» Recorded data
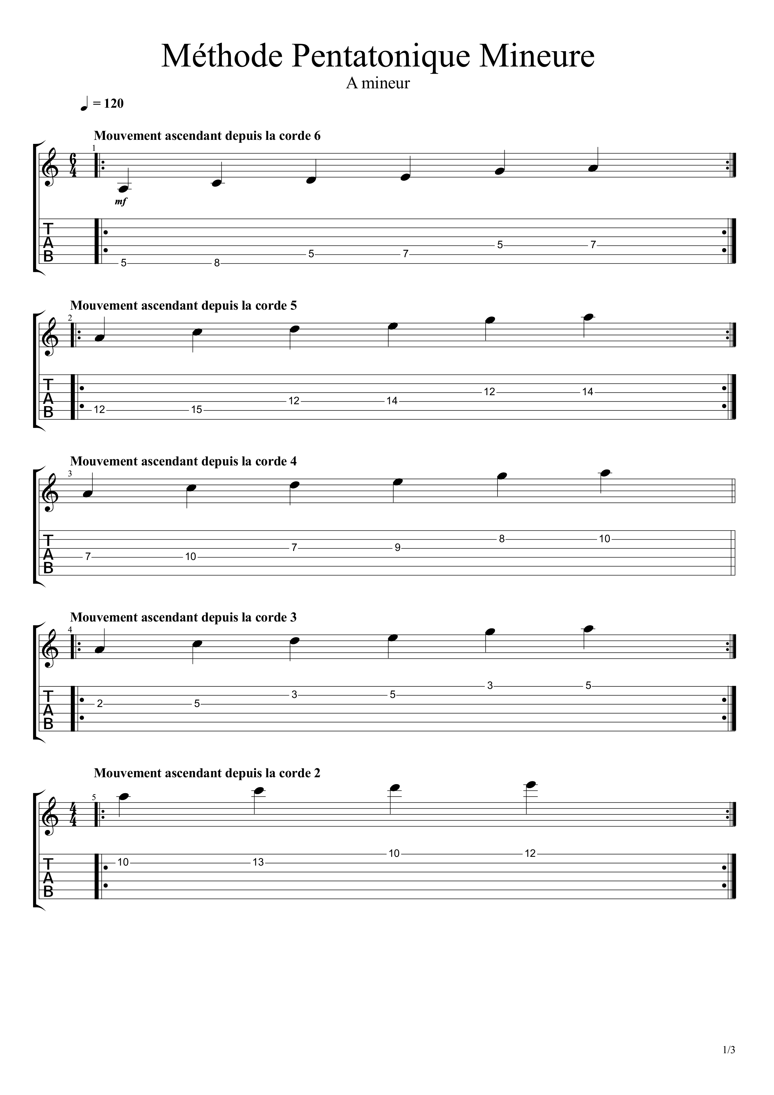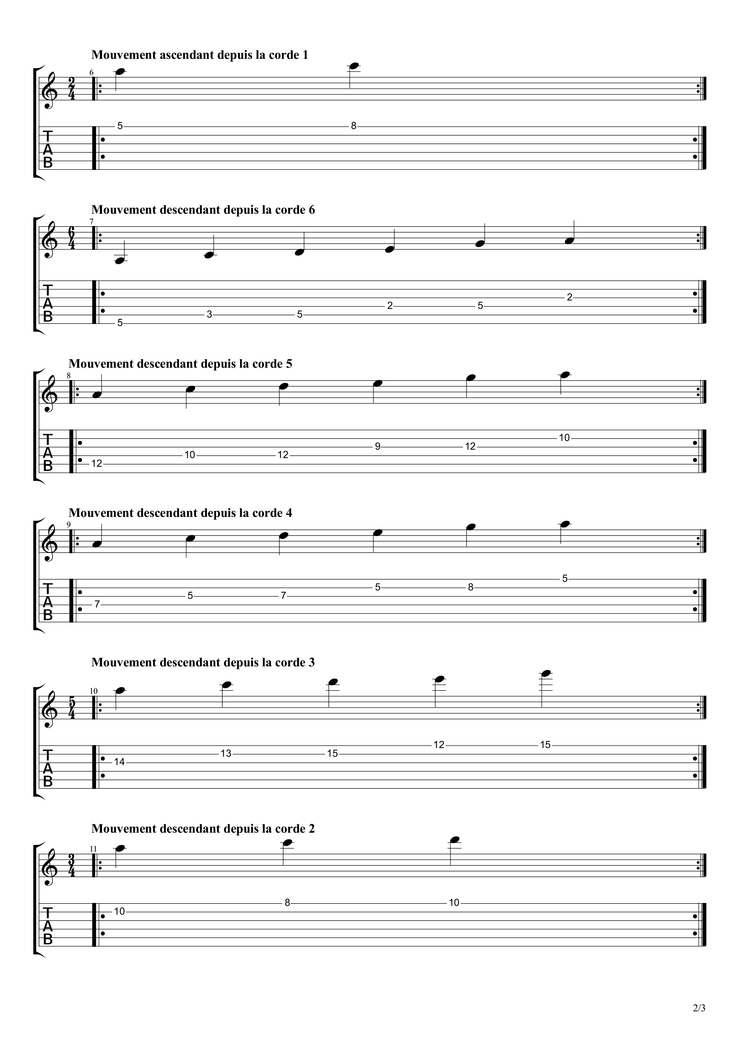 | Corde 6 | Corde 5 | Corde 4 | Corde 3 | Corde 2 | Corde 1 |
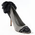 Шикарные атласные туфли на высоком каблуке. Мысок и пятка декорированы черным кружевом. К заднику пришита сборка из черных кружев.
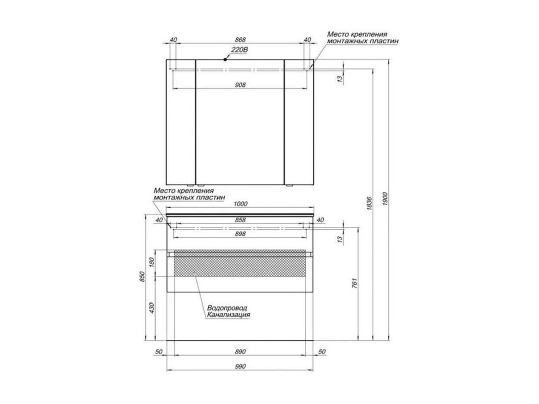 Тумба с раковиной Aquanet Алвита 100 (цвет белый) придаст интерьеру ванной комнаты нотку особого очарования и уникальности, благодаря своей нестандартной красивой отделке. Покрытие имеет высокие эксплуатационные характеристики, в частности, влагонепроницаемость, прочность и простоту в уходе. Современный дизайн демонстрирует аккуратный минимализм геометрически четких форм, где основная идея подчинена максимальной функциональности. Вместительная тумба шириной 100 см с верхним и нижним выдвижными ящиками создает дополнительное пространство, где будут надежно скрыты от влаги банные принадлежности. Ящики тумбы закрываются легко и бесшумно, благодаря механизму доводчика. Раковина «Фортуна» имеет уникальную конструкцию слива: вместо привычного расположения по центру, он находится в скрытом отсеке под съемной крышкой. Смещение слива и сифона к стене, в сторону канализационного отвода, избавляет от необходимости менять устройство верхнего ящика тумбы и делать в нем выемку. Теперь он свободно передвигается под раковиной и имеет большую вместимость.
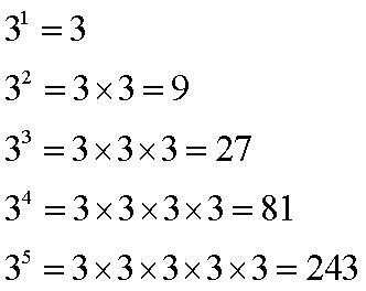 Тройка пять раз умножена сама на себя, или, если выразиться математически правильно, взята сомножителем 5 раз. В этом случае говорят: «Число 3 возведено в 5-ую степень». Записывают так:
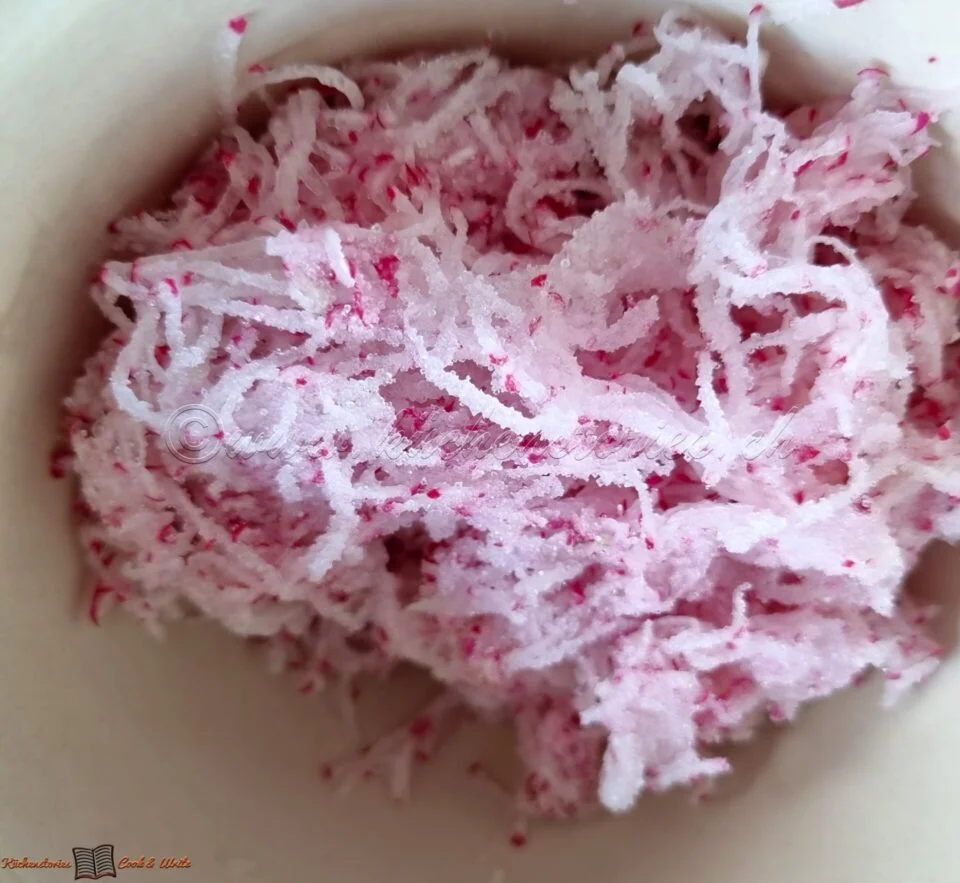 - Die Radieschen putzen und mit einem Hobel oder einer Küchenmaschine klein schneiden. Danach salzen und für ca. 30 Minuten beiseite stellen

» What you should do
Begin at the line containing "Тумба с раковиной" and transcribe exactly every line through the end of the records, both ends included, leaving the pictures out.

» Answer to this problem
 Тумба с раковиной Aquanet Алвита 100 (цвет белый) придаст интерьеру ванной комнаты нотку особого очарования и уникальности, благодаря своей нестандартной красивой отделке. Покрытие имеет высокие эксплуатационные характеристики, в частности, влагонепроницаемость, прочность и простоту в уходе. Современный дизайн демонстрирует аккуратный минимализм геометрически четких форм, где основная идея подчинена максимальной функциональности. Вместительная тумба шириной 100 см с верхним и нижним выдвижными ящиками создает дополнительное пространство, где будут надежно скрыты от влаги банные принадлежности. Ящики тумбы закрываются легко и бесшумно, благодаря механизму доводчика. Раковина «Фортуна» имеет уникальную конструкцию слива: вместо привычного расположения по центру, он находится в скрытом отсеке под съемной крышкой. Смещение слива и сифона к стене, в сторону канализационного отвода, избавляет от необходимости менять устройство верхнего ящика тумбы и делать в нем выемку. Теперь он свободно передвигается под раковиной и имеет большую вместимость.
 Тройка пять раз умножена сама на себя, или, если выразиться математически правильно, взята сомножителем 5 раз. В этом случае говорят: «Число 3 возведено в 5-ую степень». Записывают так:
 - Die Radieschen putzen und mit einem Hobel oder einer Küchenmaschine klein schneiden. Danach salzen und für ca. 30 Minuten beiseite stellen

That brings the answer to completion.